[Zope-dev] ZPatterns design questions

John Eikenberry jae-zdev@kavi.com
Tue, 3 Oct 2000 15:46:15 -0700


Phillip J. Eby wrote:

> If I can offer a suggestion...  

Please...

> It sounds to me like you don't need SheetProviders at all, if you
> effectively define the property sheets as part of your class, and make
> the attributes direct attributes on the DataSkin.  You then need only set

Ok, I'm feeling pretty stupid right now but I have to ask what you mean by
"define the property sheets as part of your class"? Do you mean using
something like this in the DataSkin subclass:

def __init__(self,id):
    self.DataSkin.__init__(self,id)
    ps = self.propertysheets
    ps.manage_addPropertySheet('CompanyData','CompanyData')
    ps.get('CompanyData')._properties = (
        {'id':'name', 'type':'string',  'mode':'w'},
        ...
        )
        
> up a single trigger that checks whether any of the attributes you want to
> mirror have changed, and then fires that off to the SQL db.  It would

By 'trigger' you are referring to a RuleAgent plugin?
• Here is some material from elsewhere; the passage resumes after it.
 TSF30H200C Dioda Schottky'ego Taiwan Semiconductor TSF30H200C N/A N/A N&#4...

Hmm... I had briefly
thought about this, but most of the discussions relating to interfacing to
an external RDB seemed to indicate subclassing a SheetProvider was the best
course of action. I'll have look into this (hadn't spent much time figuring
out RuleAgents yet).

> actually be a bit easier to set up if you were using a ZClass, since you
> could create the property sheets there by just adding "DataSkin Property
> Sheet" objects to the ZClass.  But the basic principle would still apply.
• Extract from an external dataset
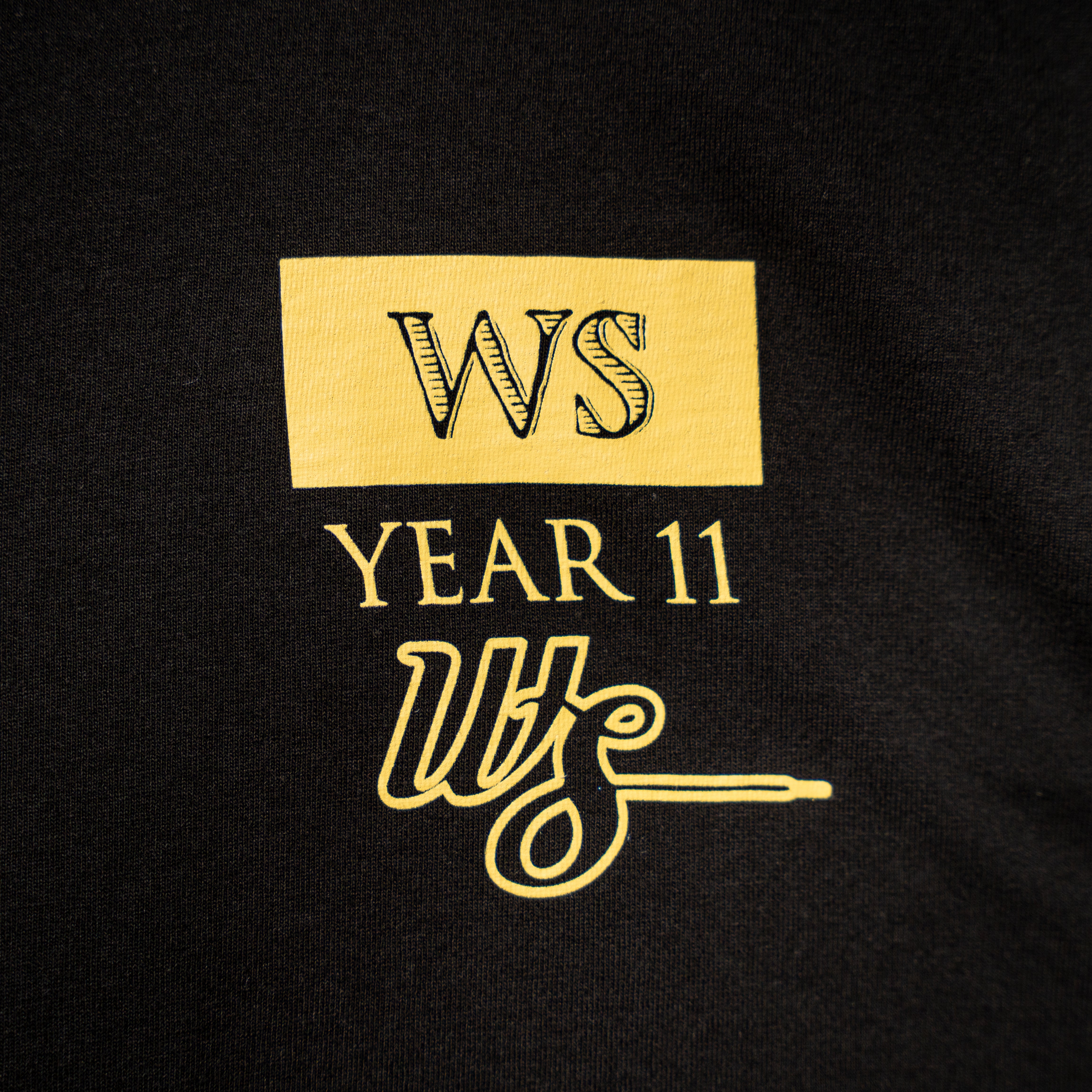 The front features a clean left-chest screen print, a subtle emblem marking the milestone.

We've come to the conclusion that ZClasses really are more a hinderance
than a help, trading functionality for shorter learning curve. With
straight python code you get much more control and the ability to use
conventional editors and tools (cvs), without losing anything besides a bit
of time figuring things out (which is better in the long run anyways).

-- 

John Eikenberry
[jae@zhar.net - http://zhar.net]
______________________________________________________________
"A society that will trade a little liberty for a little order
 will deserve neither and lose both."